▶ [Task objective]
Copy the material below verbatim from the line with "входит в серию" to the line with "UniFi Switch Enterprise", both lines included, omitting pictures and every line outside that range.

▶ [Collected material]
**********

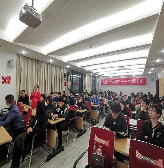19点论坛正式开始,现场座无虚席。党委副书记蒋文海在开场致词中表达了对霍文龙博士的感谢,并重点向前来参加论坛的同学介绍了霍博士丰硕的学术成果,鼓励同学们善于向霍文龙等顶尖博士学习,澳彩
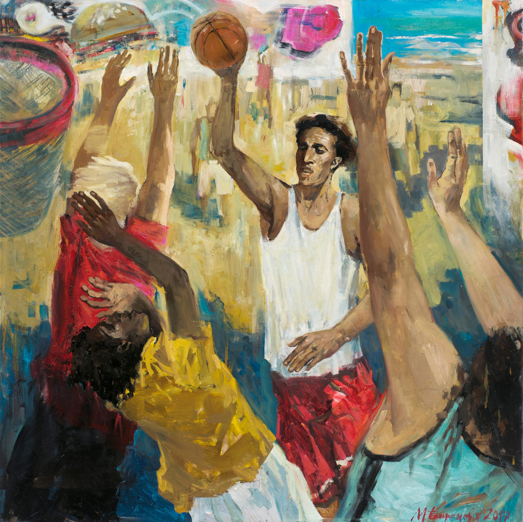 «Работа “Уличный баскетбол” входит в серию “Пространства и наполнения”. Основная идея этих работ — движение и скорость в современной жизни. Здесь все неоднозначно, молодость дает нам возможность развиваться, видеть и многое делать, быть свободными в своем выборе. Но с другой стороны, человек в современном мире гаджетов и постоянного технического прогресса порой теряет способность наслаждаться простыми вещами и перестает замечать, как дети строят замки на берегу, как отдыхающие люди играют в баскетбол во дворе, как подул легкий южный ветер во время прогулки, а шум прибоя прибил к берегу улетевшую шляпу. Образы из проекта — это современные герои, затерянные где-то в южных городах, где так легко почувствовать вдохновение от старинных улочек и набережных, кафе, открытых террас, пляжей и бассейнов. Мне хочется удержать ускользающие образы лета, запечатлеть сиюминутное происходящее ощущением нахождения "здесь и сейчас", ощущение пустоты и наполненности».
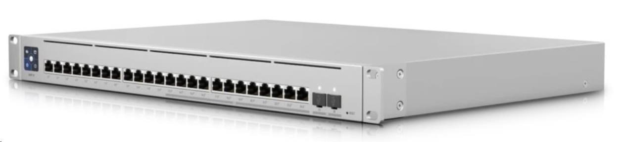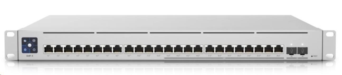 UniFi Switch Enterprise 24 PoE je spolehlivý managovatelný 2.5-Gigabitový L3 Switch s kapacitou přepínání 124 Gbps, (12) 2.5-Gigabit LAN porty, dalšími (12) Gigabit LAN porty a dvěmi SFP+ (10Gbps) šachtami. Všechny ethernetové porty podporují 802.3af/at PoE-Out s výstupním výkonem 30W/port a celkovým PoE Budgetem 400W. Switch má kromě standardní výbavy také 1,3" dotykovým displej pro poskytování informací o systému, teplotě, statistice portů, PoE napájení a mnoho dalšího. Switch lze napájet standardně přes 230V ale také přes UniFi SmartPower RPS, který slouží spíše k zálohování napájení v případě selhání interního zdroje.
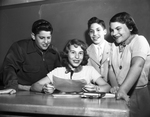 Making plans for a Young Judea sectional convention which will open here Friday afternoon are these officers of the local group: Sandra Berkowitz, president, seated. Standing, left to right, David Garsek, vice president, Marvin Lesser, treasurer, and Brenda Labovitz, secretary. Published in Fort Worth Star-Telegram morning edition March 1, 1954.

**********

▶ [Result below]
 «Работа “Уличный баскетбол” входит в серию “Пространства и наполнения”. Основная идея этих работ — движение и скорость в современной жизни. Здесь все неоднозначно, молодость дает нам возможность развиваться, видеть и многое делать, быть свободными в своем выборе. Но с другой стороны, человек в современном мире гаджетов и постоянного технического прогресса порой теряет способность наслаждаться простыми вещами и перестает замечать, как дети строят замки на берегу, как отдыхающие люди играют в баскетбол во дворе, как подул легкий южный ветер во время прогулки, а шум прибоя прибил к берегу улетевшую шляпу. Образы из проекта — это современные герои, затерянные где-то в южных городах, где так легко почувствовать вдохновение от старинных улочек и набережных, кафе, открытых террас, пляжей и бассейнов. Мне хочется удержать ускользающие образы лета, запечатлеть сиюминутное происходящее ощущением нахождения "здесь и сейчас", ощущение пустоты и наполненности».
 UniFi Switch Enterprise 24 PoE je spolehlivý managovatelný 2.5-Gigabitový L3 Switch s kapacitou přepínání 124 Gbps, (12) 2.5-Gigabit LAN porty, dalšími (12) Gigabit LAN porty a dvěmi SFP+ (10Gbps) šachtami. Všechny ethernetové porty podporují 802.3af/at PoE-Out s výstupním výkonem 30W/port a celkovým PoE Budgetem 400W. Switch má kromě standardní výbavy také 1,3" dotykovým displej pro poskytování informací o systému, teplotě, statistice portů, PoE napájení a mnoho dalšího. Switch lze napájet standardně přes 230V ale také přes UniFi SmartPower RPS, který slouží spíše k zálohování napájení v případě selhání interního zdroje.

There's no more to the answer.